[EXTRACTED ENTRIES]

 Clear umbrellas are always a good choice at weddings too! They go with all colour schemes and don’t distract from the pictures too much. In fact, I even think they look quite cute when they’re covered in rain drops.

[/EXTRACTED ENTRIES]
[EXTRACTED ENTRIES]

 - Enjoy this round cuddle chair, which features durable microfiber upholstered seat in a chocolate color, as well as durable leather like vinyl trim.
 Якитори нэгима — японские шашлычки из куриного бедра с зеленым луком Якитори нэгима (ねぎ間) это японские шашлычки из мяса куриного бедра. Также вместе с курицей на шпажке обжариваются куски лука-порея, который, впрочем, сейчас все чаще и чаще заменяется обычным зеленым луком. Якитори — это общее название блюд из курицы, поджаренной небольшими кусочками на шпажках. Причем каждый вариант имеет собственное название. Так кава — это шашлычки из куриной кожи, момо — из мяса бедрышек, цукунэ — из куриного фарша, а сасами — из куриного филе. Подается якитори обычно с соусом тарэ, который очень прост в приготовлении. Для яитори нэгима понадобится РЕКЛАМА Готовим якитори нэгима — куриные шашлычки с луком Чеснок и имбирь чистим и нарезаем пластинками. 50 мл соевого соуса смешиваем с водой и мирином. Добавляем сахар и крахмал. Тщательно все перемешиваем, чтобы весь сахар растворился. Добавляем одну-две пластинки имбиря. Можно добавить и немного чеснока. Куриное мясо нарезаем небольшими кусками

[/EXTRACTED ENTRIES]

● EXERCISE DIRECTIONS
The answer is the run of lines above from the line containing "- Enjoy this" through the line containing "Якитори нэгима — японские", copied exactly and alone.

● RESULT OF THIS TASK
 - Enjoy this round cuddle chair, which features durable microfiber upholstered seat in a chocolate color, as well as durable leather like vinyl trim.
 Якитори нэгима — японские шашлычки из куриного бедра с зеленым луком Якитори нэгима (ねぎ間) это японские шашлычки из мяса куриного бедра. Также вместе с курицей на шпажке обжариваются куски лука-порея, который, впрочем, сейчас все чаще и чаще заменяется обычным зеленым луком. Якитори — это общее название блюд из курицы, поджаренной небольшими кусочками на шпажках. Причем каждый вариант имеет собственное название. Так кава — это шашлычки из куриной кожи, момо — из мяса бедрышек, цукунэ — из куриного фарша, а сасами — из куриного филе. Подается якитори обычно с соусом тарэ, который очень прост в приготовлении. Для яитори нэгима понадобится РЕКЛАМА Готовим якитори нэгима — куриные шашлычки с луком Чеснок и имбирь чистим и нарезаем пластинками. 50 мл соевого соуса смешиваем с водой и мирином. Добавляем сахар и крахмал. Тщательно все перемешиваем, чтобы весь сахар растворился. Добавляем одну-две пластинки имбиря. Можно добавить и немного чеснока. Куриное мясо нарезаем небольшими кусками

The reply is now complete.